• EXERCISE
Only the lines running from the one with "fantasy, undead, evil" to the end of the listing should be returned, each exactly as it appears, with both ends kept.

• DATA FOR THIS TASK
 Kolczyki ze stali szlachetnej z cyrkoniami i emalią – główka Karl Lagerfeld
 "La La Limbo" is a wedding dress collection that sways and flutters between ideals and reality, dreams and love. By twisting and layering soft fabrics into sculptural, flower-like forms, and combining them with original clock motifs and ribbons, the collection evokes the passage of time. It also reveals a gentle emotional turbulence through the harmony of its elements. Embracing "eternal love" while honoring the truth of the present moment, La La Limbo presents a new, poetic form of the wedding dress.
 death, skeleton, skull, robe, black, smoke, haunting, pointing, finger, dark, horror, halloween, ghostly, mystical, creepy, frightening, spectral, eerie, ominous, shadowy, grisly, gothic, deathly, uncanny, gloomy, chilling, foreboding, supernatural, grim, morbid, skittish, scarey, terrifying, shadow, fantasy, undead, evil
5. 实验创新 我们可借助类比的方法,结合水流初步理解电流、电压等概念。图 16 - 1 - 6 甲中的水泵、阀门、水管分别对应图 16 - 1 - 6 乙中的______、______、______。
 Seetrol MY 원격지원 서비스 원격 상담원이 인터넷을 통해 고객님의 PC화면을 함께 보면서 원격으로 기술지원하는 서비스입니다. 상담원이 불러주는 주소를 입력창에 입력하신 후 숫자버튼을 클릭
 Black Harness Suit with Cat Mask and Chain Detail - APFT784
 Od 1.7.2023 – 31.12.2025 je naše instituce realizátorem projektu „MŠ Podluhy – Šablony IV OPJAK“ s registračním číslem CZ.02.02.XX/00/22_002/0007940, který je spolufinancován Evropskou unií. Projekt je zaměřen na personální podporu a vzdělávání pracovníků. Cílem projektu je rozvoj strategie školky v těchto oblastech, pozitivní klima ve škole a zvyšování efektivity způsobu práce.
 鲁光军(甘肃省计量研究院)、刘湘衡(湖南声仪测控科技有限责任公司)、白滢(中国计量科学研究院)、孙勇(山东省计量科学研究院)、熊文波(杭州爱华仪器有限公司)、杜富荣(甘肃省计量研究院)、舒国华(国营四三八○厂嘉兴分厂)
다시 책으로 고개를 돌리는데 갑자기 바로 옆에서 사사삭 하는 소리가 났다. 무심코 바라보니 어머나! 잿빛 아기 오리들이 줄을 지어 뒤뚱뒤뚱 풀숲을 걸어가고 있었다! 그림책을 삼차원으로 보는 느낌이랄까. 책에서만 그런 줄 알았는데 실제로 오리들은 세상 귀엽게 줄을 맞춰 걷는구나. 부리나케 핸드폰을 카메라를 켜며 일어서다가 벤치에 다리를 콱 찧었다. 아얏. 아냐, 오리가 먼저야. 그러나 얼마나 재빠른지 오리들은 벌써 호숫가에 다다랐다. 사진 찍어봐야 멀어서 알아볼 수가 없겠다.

• OUTPUT OF THE TASK
 death, skeleton, skull, robe, black, smoke, haunting, pointing, finger, dark, horror, halloween, ghostly, mystical, creepy, frightening, spectral, eerie, ominous, shadowy, grisly, gothic, deathly, uncanny, gloomy, chilling, foreboding, supernatural, grim, morbid, skittish, scarey, terrifying, shadow, fantasy, undead, evil
5. 实验创新 我们可借助类比的方法,结合水流初步理解电流、电压等概念。图 16 - 1 - 6 甲中的水泵、阀门、水管分别对应图 16 - 1 - 6 乙中的______、______、______。
 Seetrol MY 원격지원 서비스 원격 상담원이 인터넷을 통해 고객님의 PC화면을 함께 보면서 원격으로 기술지원하는 서비스입니다. 상담원이 불러주는 주소를 입력창에 입력하신 후 숫자버튼을 클릭
 Black Harness Suit with Cat Mask and Chain Detail - APFT784
 Od 1.7.2023 – 31.12.2025 je naše instituce realizátorem projektu „MŠ Podluhy – Šablony IV OPJAK“ s registračním číslem CZ.02.02.XX/00/22_002/0007940, který je spolufinancován Evropskou unií. Projekt je zaměřen na personální podporu a vzdělávání pracovníků. Cílem projektu je rozvoj strategie školky v těchto oblastech, pozitivní klima ve škole a zvyšování efektivity způsobu práce.
 鲁光军(甘肃省计量研究院)、刘湘衡(湖南声仪测控科技有限责任公司)、白滢(中国计量科学研究院)、孙勇(山东省计量科学研究院)、熊文波(杭州爱华仪器有限公司)、杜富荣(甘肃省计量研究院)、舒国华(国营四三八○厂嘉兴分厂)
다시 책으로 고개를 돌리는데 갑자기 바로 옆에서 사사삭 하는 소리가 났다. 무심코 바라보니 어머나! 잿빛 아기 오리들이 줄을 지어 뒤뚱뒤뚱 풀숲을 걸어가고 있었다! 그림책을 삼차원으로 보는 느낌이랄까. 책에서만 그런 줄 알았는데 실제로 오리들은 세상 귀엽게 줄을 맞춰 걷는구나. 부리나케 핸드폰을 카메라를 켜며 일어서다가 벤치에 다리를 콱 찧었다. 아얏. 아냐, 오리가 먼저야. 그러나 얼마나 재빠른지 오리들은 벌써 호숫가에 다다랐다. 사진 찍어봐야 멀어서 알아볼 수가 없겠다.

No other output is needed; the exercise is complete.